Once I find results that seem interesting based on the criteria above, I run it through GitHound with
--dig-commits to look the entire repository and its history.
echo "uberinternal.com" | ./git-hound --dig-files --dig-commits
echo "uber.com" | ./git-hound --dig-files --language-file languages.txt --dig-commits
echo "uber.box.net" | ./git-hound --dig-files --dig-commits
GitHound also locates interesting files that simply searching won't find, like
.xlsx files. Importantly, I also manually go through results since automated tools often miss customer information, sensitive code, and username/password combinations. Oftentimes, this will reveal more subdomains or other interesting patterns that will give me ideas for more search queries. It's important to remember that open-source intelligence is a recursive process.
This process almost always finds results. Leaks usually fall into one of these categories (ranked from most to least impactful):
- SaaS API keys - Companies rarely impose IP restrictions on APIs. AWS, Slack, Google, and other API keys are liquid gold. These are usually found in config files, bash history files, and scripts.
- Server/database credentials - These are usually behind a firewall, so they're less impactful. Usually found in config files, bash history files, and scripts.
- Customer/employee information - These hide in XLSX, CSV, and XML files and range from emails all the way to billing information and employee performance reviews.
- Data science scripts - SQL queries, R scripts, and Jupyter projects can reveal sensitive information. These repos also tend to have "test data" files hanging around.
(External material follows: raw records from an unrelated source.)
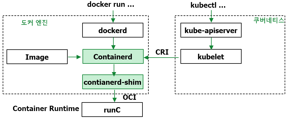 - conainerd 1.1 부터 CRI(Container Runtime Interface)에 대응하여 네이티브 kubelet 도 연동 가능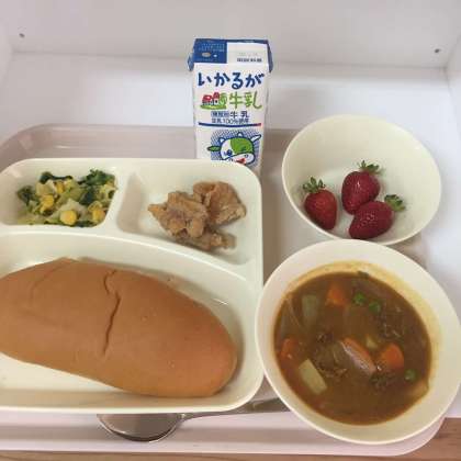 今日の献立は、黒糖パン、牛乳、フライドチキン、カレーシチュー、春のカラフルソテー、いちごでした。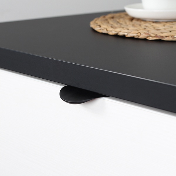 Uutuus! Profiilivedin Rise on kaareva, etureunastaan hieman alaspäin taipuva, takakiinnitteinen alumiinivedin. Vetimen leveys 80mm, väri anodisoitu matta musta. Mitat: 80(L)x45(S)x18(K)mm, reikäjako 64mm.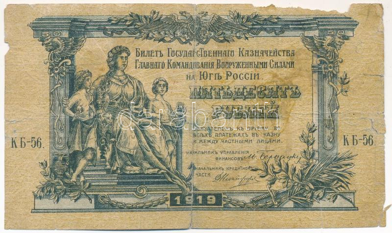 Orosz Polgárháború / Dél-Oroszország / Gyenyikin és Wrangel Hadserege ... https://www.darabanth.com/en/479-Online-auction/479.0/Numismatics/Worldwide-banknotes~1500015/Orosz-Polgarhaboru-Del-Oroszorszag-Gyenyikin-es-Wrangel-Hadserege-1919-50R-T-G-folt-~II3264550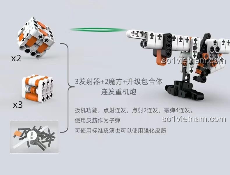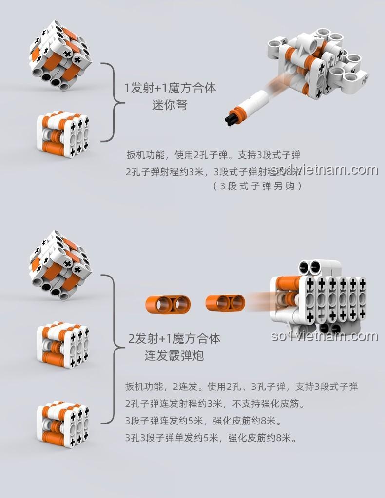 • Chế độ Lắp Ráp Kết Hợp: Sử dụng nhiều bộ Infinite Cube để tạo ra các mô hình lớn hơn, phức tạp hơn như súng máy, xe tăng, robot chiến đấu…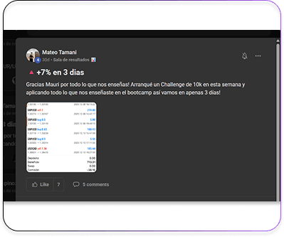 El promedio mensual de mis resultados está entre un 5% y un 8%. Dependiendo del tamaño de tu cuenta, estos porcentajes pueden equivaler a: - $500 - $900 - $5.000 - $9.000 y así sucesivamente.

- Hostnames/metadata - The most common result. Most companies don't consider this a vulnerability, but they can help refine future searches
Workflow for Specific API Providers
Dorks can also be created to target specific API providers and their endpoints. This is especially useful for companies creating automated checks for their users' API keys. With knowledge of an API key's context and syntax, the search space can be significantly reduced.
With knowledge of the specific API provider, we can obtain all of the keys that match the API provider's regex and are in an API call context and then we can check them for validity using an internal database or an API endpoint.
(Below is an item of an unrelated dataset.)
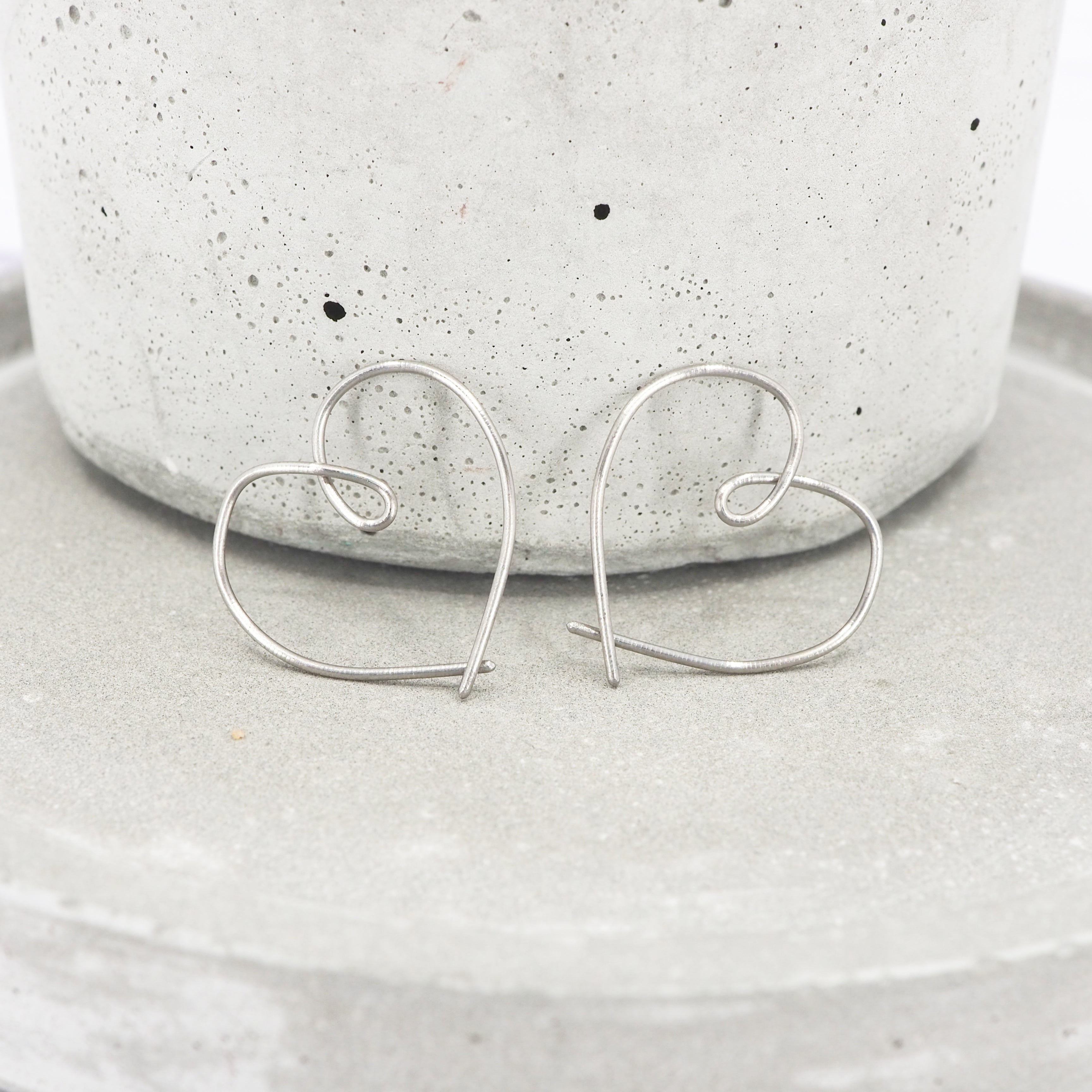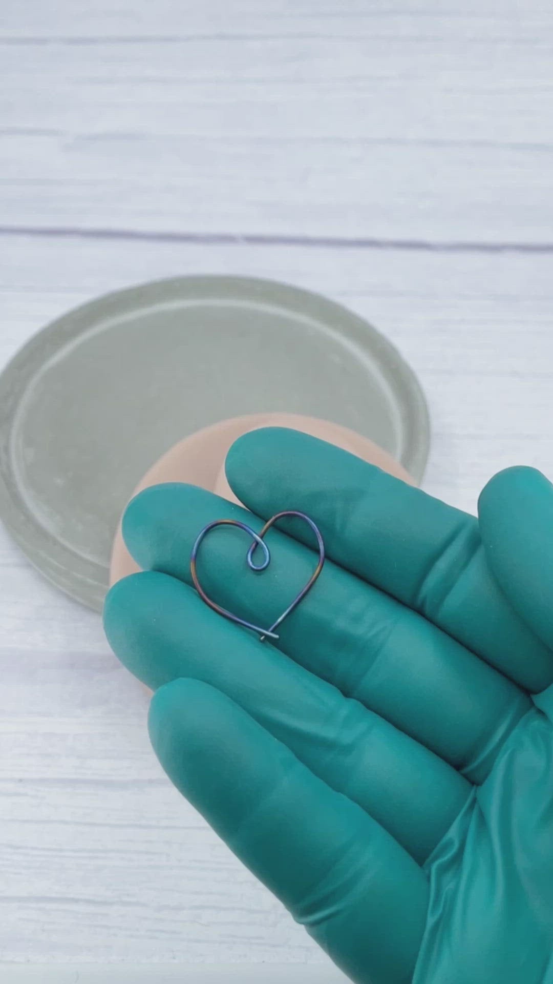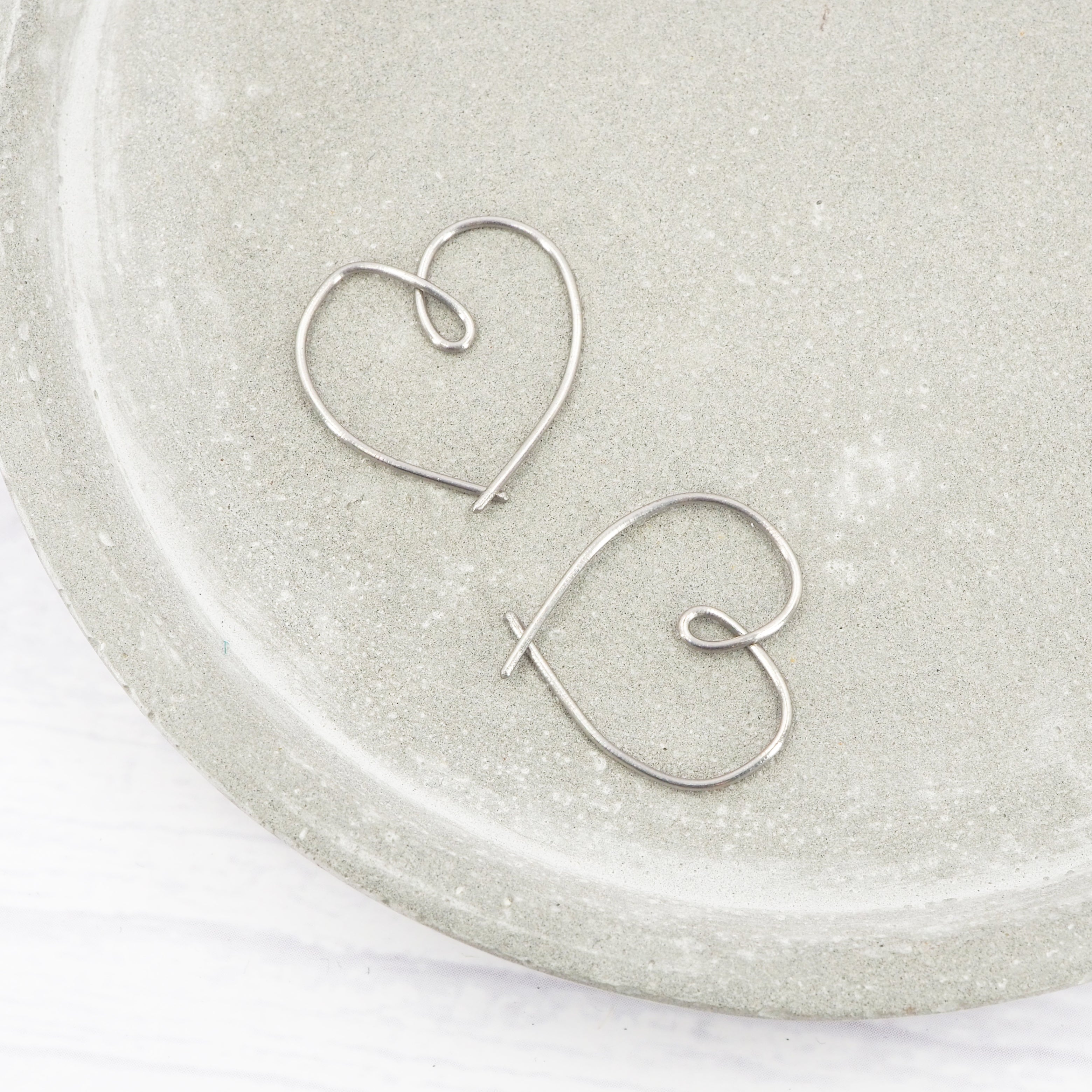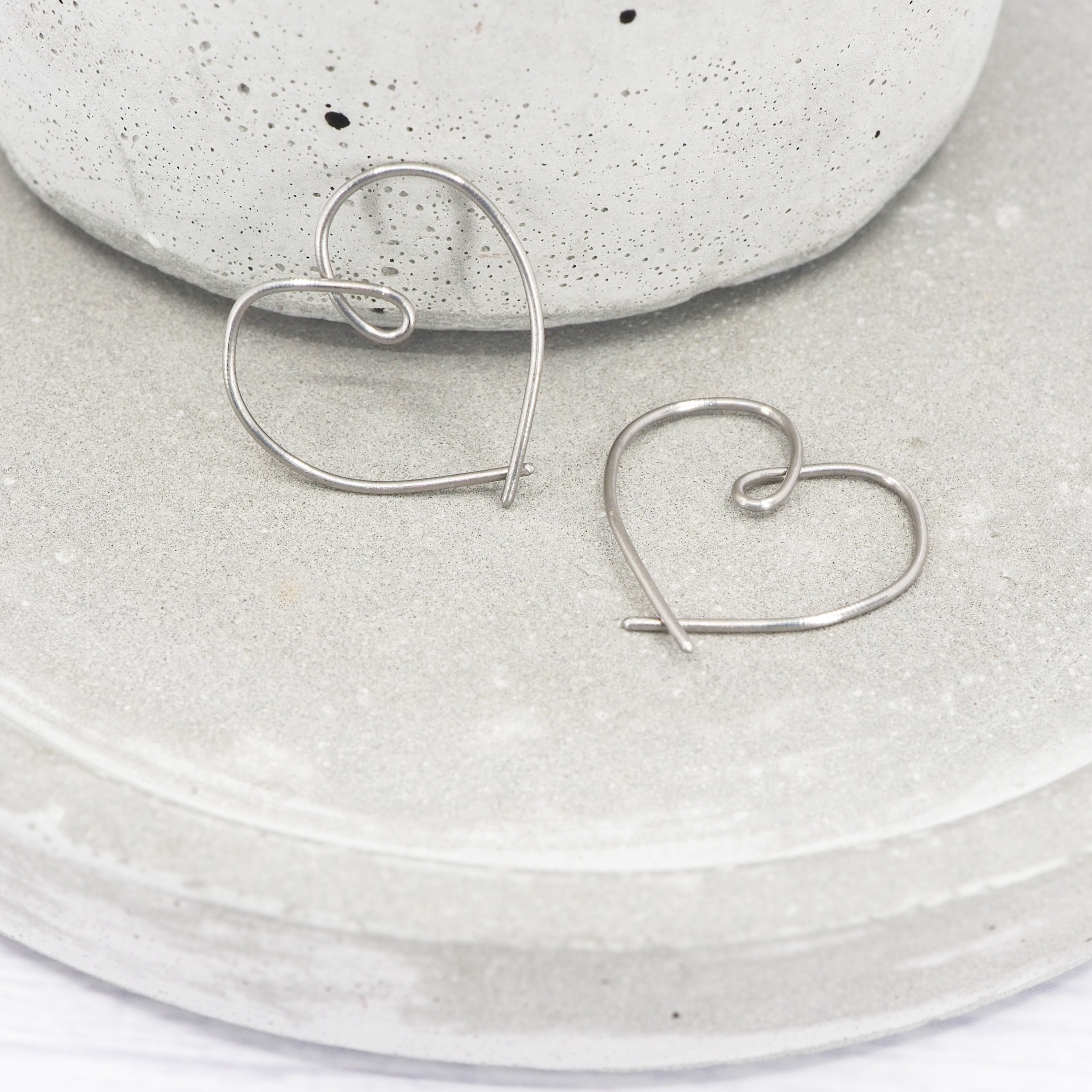 Heart hoop polished titanium earrings. 0.8mm hypoallergenic titanium wire.

For example, suppose a company (HalCorp) provides an API for users to read and write to their account. By making our own HalCorp account, we discover that API keys are in the form
# Python import halapi api = halapi.API() api.authenticate_by_key('REDACTED') # REST API with curl curl -X POST -H "HALCorp-Key: REDACTED" https://api.halcorp.biz/userinfo
Armed with this information, we can compose our own GitHub dorks for HalCorp API responses:
# Python "authenticate_by_key" "halapi" language:python # REST API "HALCorp-Key"
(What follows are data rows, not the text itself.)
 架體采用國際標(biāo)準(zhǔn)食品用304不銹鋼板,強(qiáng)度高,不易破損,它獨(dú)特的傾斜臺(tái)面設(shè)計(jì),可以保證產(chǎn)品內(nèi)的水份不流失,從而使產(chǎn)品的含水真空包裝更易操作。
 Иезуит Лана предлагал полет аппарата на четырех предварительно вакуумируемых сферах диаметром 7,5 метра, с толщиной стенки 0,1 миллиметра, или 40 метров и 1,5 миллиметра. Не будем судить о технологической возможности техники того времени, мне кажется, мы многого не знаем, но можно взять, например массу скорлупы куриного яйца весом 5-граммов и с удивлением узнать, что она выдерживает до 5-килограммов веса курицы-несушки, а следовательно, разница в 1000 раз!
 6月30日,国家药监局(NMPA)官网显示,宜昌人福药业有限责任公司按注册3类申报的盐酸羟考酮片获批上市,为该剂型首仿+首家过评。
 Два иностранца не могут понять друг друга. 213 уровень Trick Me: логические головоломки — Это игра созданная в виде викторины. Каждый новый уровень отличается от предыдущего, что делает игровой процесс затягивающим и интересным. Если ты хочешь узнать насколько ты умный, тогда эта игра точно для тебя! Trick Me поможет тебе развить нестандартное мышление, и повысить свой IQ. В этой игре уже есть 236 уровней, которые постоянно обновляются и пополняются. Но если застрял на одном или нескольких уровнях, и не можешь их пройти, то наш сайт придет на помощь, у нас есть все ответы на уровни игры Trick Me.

echo "HALCorp-Key" | git-hound --dig-files --dig-commits --many-results --regex-file halcorp-api-keys.txt --results-only > api_tokens.txt
Now that we have a file containing potential API tokens, and we can check these against a database for validity (do not do this if you don't have written permission from the API provider).
In the case of HalCorp, we can write a bash script that reads from stdin, checks the
api.halcorp.biz/userinfo endpoint, and outputs the response.
cat api_tokens.txt | bash checktoken.bash
Although awareness of secret exposure on GitHub has increased, more and more sensitive data are published each day.
Amazon Web Services have begun notifying users if their API keys are posted online. GitHub has added security features that scan public repositories for common keys. These solutions are merely bandaids, however. To limit secret leaks from source code, we must update API frameworks and DevOps methodologies to prevent API keys from being stored in Git/SVN repositories entirely. Software like Vault safely stores production keys and some API providers, like Google Cloud Platform, have updated their libraries to force API keys to be stored in a file by default.
Fully eradicating exposure of sensitive information is a more difficult problem: how can customer information be fully detected? What if it's in a Word, Excel, or compiled file? More research must be conducted in this field to study the extent of the problem and its solution.